Brazil's oil regulator says 2014 concession auction unlikely
* ANP concerned there may not be enough good areas to sell
By Jeb Blount
RIO DE JANEIRO Oct 17 (Reuters) - The head of Brazil's oil regulator said on Thursday that her agency is unlikely to recommend an auction of oil exploration concessions in 2014, raising doubts of a revival of an annual auction cycle after a five-year hiatus.
"I'm not so concerned about having annual auctions as I am about having good areas to sell," Magda Chambriard told reporters in Rio de Janeiro. "Right now I think it unlikely that we will recommend an auction next year."
On May 15, Brazil raised about $1.4 billion at its first oil rights concession auction since 2008. From 1999 to 2008 Brazil held annual auctions for on-shore and offshore areas.
Many investors and experts consider annual auctions essential to the long-term health of the Brazilian oil industry, allowing companies to plan while knowing they have or can buy new projects to replace any old or diminished field.
During the 1999-2008 period Brazil experienced rapid oil output growth that transformed the economy from one dependent on imports into a net exporter of crude.
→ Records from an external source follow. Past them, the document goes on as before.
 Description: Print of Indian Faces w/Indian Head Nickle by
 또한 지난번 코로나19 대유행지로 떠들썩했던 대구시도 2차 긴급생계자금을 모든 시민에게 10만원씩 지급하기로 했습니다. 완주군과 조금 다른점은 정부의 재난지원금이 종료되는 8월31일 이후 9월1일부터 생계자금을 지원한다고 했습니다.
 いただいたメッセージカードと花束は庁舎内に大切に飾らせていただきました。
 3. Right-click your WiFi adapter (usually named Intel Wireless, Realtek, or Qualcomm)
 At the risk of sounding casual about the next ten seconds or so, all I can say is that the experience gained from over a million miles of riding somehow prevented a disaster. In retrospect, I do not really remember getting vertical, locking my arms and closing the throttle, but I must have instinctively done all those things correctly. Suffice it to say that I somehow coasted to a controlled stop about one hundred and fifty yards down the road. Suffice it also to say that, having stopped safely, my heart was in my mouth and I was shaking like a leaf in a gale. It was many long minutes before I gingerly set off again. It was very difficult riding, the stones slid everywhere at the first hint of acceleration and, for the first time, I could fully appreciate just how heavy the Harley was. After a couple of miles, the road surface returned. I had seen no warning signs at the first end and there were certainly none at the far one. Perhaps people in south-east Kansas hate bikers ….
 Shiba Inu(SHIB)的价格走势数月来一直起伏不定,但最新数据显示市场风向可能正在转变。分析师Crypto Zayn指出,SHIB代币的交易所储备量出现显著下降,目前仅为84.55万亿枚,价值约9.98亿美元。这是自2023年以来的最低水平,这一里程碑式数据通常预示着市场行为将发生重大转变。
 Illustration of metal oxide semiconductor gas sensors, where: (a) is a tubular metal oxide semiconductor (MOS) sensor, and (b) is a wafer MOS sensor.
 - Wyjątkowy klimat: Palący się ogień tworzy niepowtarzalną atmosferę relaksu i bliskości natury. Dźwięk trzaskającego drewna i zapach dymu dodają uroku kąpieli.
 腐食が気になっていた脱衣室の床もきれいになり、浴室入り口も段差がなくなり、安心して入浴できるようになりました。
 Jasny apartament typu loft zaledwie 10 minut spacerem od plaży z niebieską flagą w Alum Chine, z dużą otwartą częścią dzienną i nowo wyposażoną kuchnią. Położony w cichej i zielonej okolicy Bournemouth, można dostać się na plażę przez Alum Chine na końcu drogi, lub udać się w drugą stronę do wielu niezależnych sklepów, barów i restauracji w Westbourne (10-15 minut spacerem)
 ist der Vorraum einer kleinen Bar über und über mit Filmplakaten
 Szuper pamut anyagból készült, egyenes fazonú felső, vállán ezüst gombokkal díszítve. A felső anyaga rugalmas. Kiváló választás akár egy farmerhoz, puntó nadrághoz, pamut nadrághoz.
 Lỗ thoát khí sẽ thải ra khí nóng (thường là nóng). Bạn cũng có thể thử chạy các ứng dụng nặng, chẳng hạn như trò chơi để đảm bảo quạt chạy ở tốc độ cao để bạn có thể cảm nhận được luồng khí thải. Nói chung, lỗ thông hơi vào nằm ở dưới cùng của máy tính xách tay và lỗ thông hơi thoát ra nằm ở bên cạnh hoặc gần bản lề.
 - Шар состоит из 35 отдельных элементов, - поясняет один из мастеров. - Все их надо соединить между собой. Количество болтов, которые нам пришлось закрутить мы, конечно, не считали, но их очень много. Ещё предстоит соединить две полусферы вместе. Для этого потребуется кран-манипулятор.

Oil output rose, on average, more than 5 percent a year in the period.
Brazil ended its annual auction system after a series of giant offshore discoveries south of Rio de Janeiro known as the "subsalt" starting in 2007. Subsalt refers to oil strikes made under a layer of salt deep beneath the seabed.
The auctions were canceled to allow the government time to draft and pass a law that boosted government control over those new discoveries and adjacent areas.
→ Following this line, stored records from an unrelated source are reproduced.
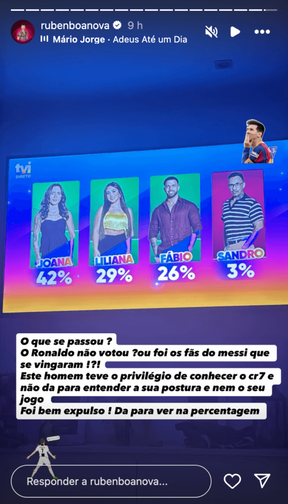 “Este homem teve o privilégio de conhecer o cr7 e não da para entender a sua postura e nem o seu jogo.”, lamentou Rúben Boa Nova, que aplaudiu a decisão do público: “Foi bem expulso! Dá para ver na percentagem”.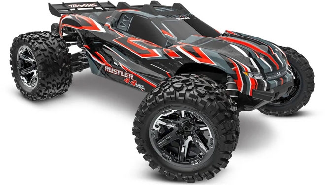 MODEL 67376-4. Rustler 4X4 VXL w pełni zmontowany z wodoszczelną elektroniką, dwukanałowym systemem radiowym TQi ™ 2,4 GHz, systemem Traxxas Stability Management®, regulatorem obrotów VXL-3s i pomalowaną karoserią ProGraphix®.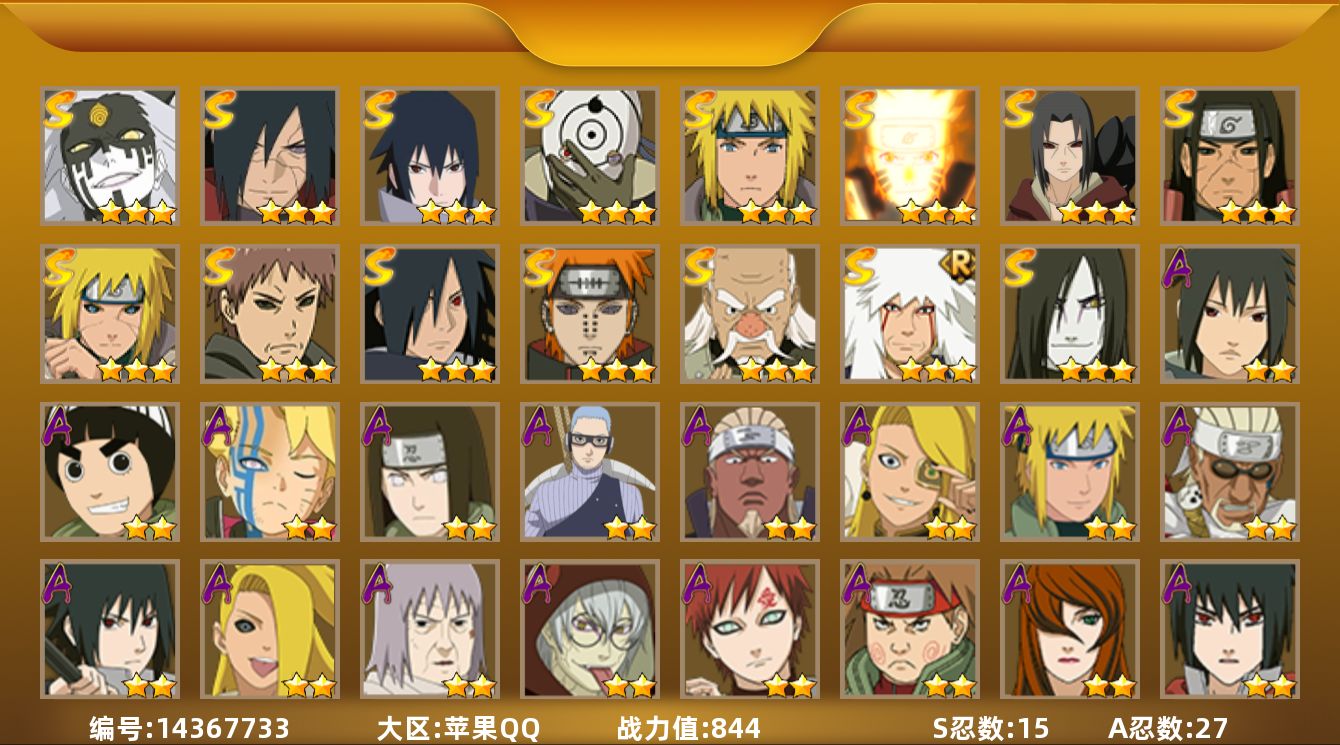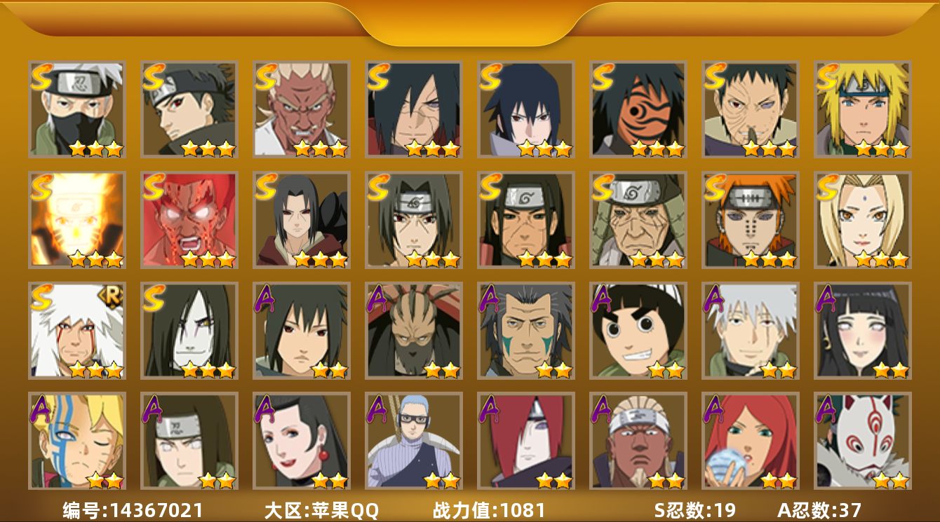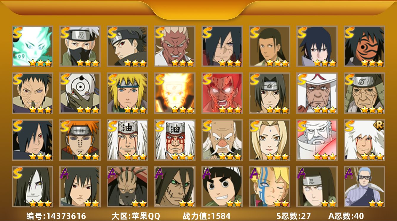 [14339420]v9,811w战力,17s级忍者数-36a级忍者数,金水门81片,传说自来也80片,金角银角61片,最终章舍人80片,me1786 【s级忍者】:波风水门「秽土转生」3星,千手扉间「秽土转生」3星,宇智波鼬「秽土转生」3星,宇智波斑「秽土转生」3星,春野樱「忍界大战」3星,艾「忍界大战」3星,宇智波鼬「须佐能乎」3星,宇智波止水「须佐能乎」3星,旗木卡卡西「须佐能乎」3星,自来也「舞之豪杰」3星,大蛇丸3星,纲手「百豪」3星,千手柱间3星,波风水门3星,佩恩「天道」3星,宇智波佐助「永恒万花筒」3星,宇智波斑 「白面具」3星宇智波斑「白面具」 【a级忍者】:长门「青年」2星,迪达拉2星,大蛇丸「晓」2星,奇拉比「忍界大战」2星,飞段3星,飞段「死司凭血」2星,干柿鬼鲛5星,漩涡博人「桃式显现」2星,漩涡鸣人「仙人模式」2星,漩涡鸣人「九尾查克拉」2星,迈特凯4星,旗木卡卡西「万花筒写轮眼」2星,旗木卡卡西「幻之真容」2星,桃地再不斩「秽土转生」2星,我爱罗「疾风传」3星,我爱罗「忍界大战」2星,蝎2星,蝎「绯流琥」2星,角都「秽土转生」2星,猿飞阿斯玛4星,宇智波鼬2星,宇智波佐助「须佐能乎」2星,宇智波佐助「万花筒写轮眼」2星,药师兜「半蛇斗篷」2星,日向宁次「忍界大战」2星,日向雏田「最终章」2星,宇智波带土「漂泊浪客」2星,李洛克「忍界大战」2星,秋道丁次「忍界大战」2星,千代「近松十人卫」2星,神农「羁绊」2星,不缘2星,不风2星,地陆2星,宇智波泉奈2星,大野木「侠隐江湖」2星

Since then, output has faltered, growing an average of 2.35 percent a year. Output even fell 5.3 percent in 2012.
The first auction under that new framework is scheduled for Monday. Chambriard, who has headed the regulator known as ANP since last year, has billed the sale of the Libra area, which contains an estimated 8 billion to 12 billion barrels of oil, as the largest offshore oil prospect ever sold.
If the projection holds up, Libra could nearly double Brazil's oil reserves and would contain enough oil to cover world crude demand for as much as 19 weeks.
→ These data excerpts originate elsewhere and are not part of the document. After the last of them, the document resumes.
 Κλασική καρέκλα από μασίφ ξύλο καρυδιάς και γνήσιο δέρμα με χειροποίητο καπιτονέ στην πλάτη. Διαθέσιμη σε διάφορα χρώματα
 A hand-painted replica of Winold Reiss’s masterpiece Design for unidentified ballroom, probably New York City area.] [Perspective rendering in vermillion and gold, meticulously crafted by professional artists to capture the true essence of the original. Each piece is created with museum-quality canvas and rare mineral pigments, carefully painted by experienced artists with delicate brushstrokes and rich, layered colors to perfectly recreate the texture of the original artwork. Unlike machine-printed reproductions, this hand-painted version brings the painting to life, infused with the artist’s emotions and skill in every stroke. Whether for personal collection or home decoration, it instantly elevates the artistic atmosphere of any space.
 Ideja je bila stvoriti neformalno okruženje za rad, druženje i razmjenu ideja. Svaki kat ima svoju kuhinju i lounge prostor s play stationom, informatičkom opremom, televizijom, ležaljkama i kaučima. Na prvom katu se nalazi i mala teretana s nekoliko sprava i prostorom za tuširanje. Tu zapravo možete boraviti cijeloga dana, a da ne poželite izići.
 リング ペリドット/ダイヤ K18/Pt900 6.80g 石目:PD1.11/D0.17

Chambriard said Thursday that she expects production to peak in Libra at about 1.4 million barrels a day in a decade, though some in the government suggested that production could rise to more than 2 million barrels a day.
That auction will be for a production-sharing contract, an accord that will go the company or group that offers Brazil the largest share of "profit oil," or oil produced after investment costs are recouped, to sell on its own account.
State-run Petroleo Brasileiro SA, or Petrobras, will have to lead any winning group as operator of Libra and take on a minimum 30 percent ownership and investment stake.
Chambriard said it was also unlikely that a new production-sharing auction would be held next year as the oil prospects in the area covered by the new framework are too large and require too much investment to be tendered on an annual basis.
The concession system gives exploration and production rights to the highest bidder, Brazilian or foreign, in exchange for an exploration commitment, an agreement to buy a minimum of related goods and services in Brazil- usually more than half - and the payment of a royalty. All oil produced is owned by the concession holder and can be sold wherever the owner wishes.
This system still applies to all areas outside the Subsalt Polygon, an area that comprises most of the Campo and Santos offshore basins south and northeast of Rio de Janeiro, already home to more than 80 percent of Brazilian output. Those basins are also where the main subsalt finds were made.
All future development in the Subsalt Polygon will be done under production sharing contracts.